Sex: Approximate medical costs for a male is $54,096, holding all other variables constant.
BMI: A person will pay approximately $325,779 in medical charges per BMI value.
Age: A person will pay proportionally to her age an approximate medical cost of $259,469 for each year of life, keeping the other variables constant.
Smoker: For a person who is a smoker, the approximate medical costs are $23,836,067, keeping other variables constant.
Sex * BMI: A man, in relation to his BMI, will pay approximately $ -5,326 for medical costs, keeping the other variables constant. This value is not logical because it is a negative value.
P-values of coefficients:
Residual standard error: 6097 on 1332 degrees of freedom Multiple R-squared: 0.7475, Adjusted R-squared: 0.7466 F-statistic: 788.6 on 5 and 1332 DF, p-value: < 2.2e-16
Residual Standard Error: the standard deviation is 6097.

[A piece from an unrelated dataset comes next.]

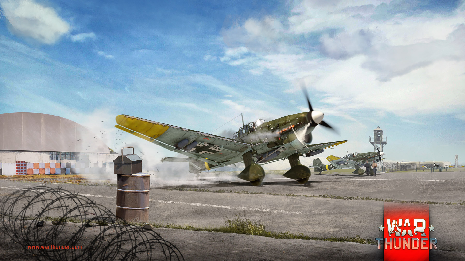 Description: A painting of a plane on the ground with barbed wire around it and a building in the background with a blue sky.

R-squared/Adjusted R^2: values of 0.7475 and 0.7466 respectively, this means that about 75% of the data is outside off the regression line.

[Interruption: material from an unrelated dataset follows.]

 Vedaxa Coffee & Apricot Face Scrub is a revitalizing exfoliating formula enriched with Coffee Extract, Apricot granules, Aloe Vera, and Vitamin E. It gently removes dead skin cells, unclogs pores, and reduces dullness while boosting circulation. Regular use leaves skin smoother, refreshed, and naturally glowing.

F-statistic: value of 788.6 with a small p-value < 2.2e-16. F-statistic tries to determine if among a group of independent variables, at least one has the capacity to explain a significant part of the variation of the dependent variable. For this exercise does not have the capability.
I am going to predict the medical cost for my wife:
She’s 43 years old Age = 43 I don’t smoke smoke = 0 She’s female female = 0 Her BMI is: 28.8
my_predicted_medical_cost <- predict(lm_insurance,data.frame(age=43, smoker="no", bmi=28.8, sex="female"))
my_predicted_medical_cost
## 1
## 8822.231
According to the multiple regression model, the approximate medical costs for my wife are around $8,822,231.
According to reality, the medical costs for my wife are much lower than what the regression model is proposing. So this multiple regression model is not suitable for estimating people’s medical costs.
Conclusion:
The multiple regression model is not appropriate for generating estimates of medical costs.